En el conjunto de la Unión Europea, los ingresos de la publicidad por televisión destinada a los niños representan entre 670 millones y mil millones de euros por año. Como los Estados han impuesto a las cadenas de televisión cuotas de producciones originales, esos ingresos financian la compra de programas y permiten limitar la importación de series de ficción y de dibujos animados estadounidenses.
Con 300 horas de series animadas producidas anualmente, Francia ocupa hoy el tercer lugar en el mundo, muy por detrás de Japón y de Estados Unidos. “Toda prohibición o restricción adicional de la publicidad para niños en Europa tendría efectos desastrosos para la producción audiovisual”, declaraba recientemente Cindy Rose, que hace presión en Bruselas en favor de Disney. El grupo estadounidense se vería doblemente afectado: además de la venta de programas, Disney hace publicidad en Europa de sus parques temáticos, sus películas y sus productos derivados.
“De todos modos, nada impedirá que las cadenas temáticas estadounidenses divulguen publicidad para los niños”, reitera Robert Gerson. De hecho, el desarrollo exponencial de los “paquetes temáticos” por satélite en Europa —que son trampolines formidables para las cadenas de Estados Unidos como MTV, Nickelodeon o Disney Channel— impedirían la aplicación de una prohibición a escala europea. Así sucede ya en Suecia, donde la ley no puede aplicarse a TV3 y Kanal 5, dos cadenas privadas que emiten desde Gran Bretaña.

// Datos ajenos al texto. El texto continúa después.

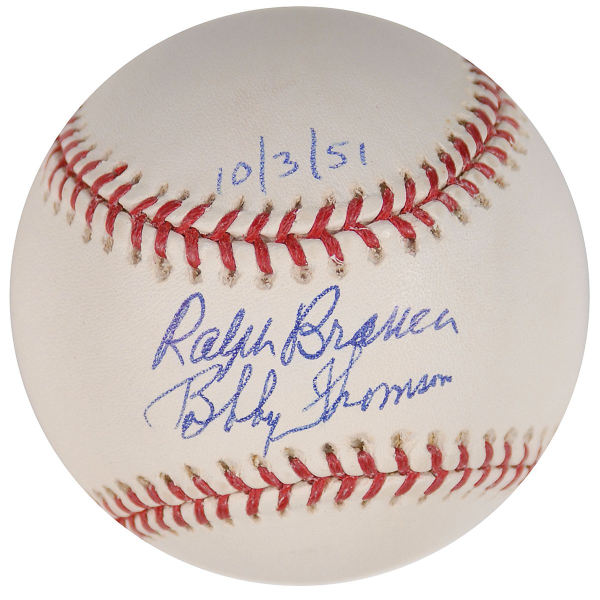 Two items: a McLaughlin-Millard Adirondack baseball bat commemorating the famous ‘Shot Heard ’round the World,’ limited edition of 151, signed on the barrel in black felt tip, “Bobby Thomson, ‘Pennant winning home runs,’” and “‘I should have curved him,’ Ralph Branca”; and an official Rawlings Major League (Selig) baseball, signed on the sweet spot in blue ballpoint by Bobby Thomson and Ralph Branca, with a date notation of October 3, 1951, to the upper panel. In overall fine condition.
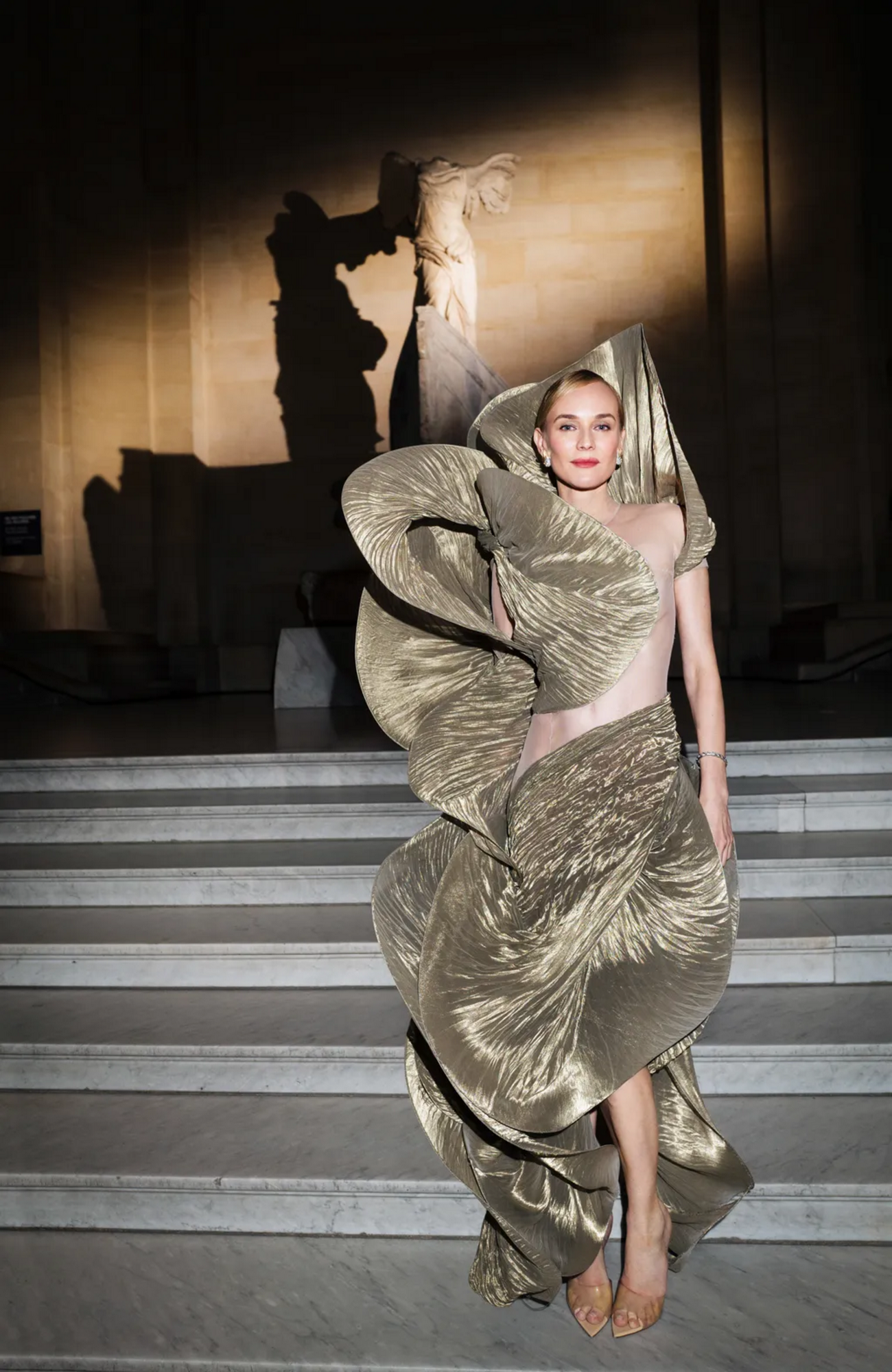Con un atuendo en dorado firmado por Iris Van Herpen Alta Costura Otoño 2023.

El marketing en la escuela
Sin embargo, los especialistas en la infancia enfrentan hoy otro problema: la presencia creciente de las empresas en la escuela. Las marcas de fast-food, de soft drinks, de calzado de deporte o de ropa no se contentan con distribuir —con la complicidad discreta del personal docente— algunas muestras publicitarias. “A juicio de los jefes de productos, cada cafetería y cada sala de clase es un grupo de discusión (…), una verdadera ocasión de descubrir lo que está de moda a vil precio”, destaca Naomi Klein, autora de No Logo, la tyrannie des marques. En Estados Unidos, la cadena de televisión privada Channel One, que difunde programas de actualidades en las escuelas, se jacta de estar presente en 12.000 establecimientos y estima que su audiencia es de ocho millones de escolares, lo que le permite imponer a sus anunciantes tarifas dos veces más elevadas que las cadenas generales. En cuanto a la Gran Bretaña de Tony Blair, no ha vacilado en pedir a las empresas privadas que auxilien a los establecimientos escolares del Estado faltos de recursos.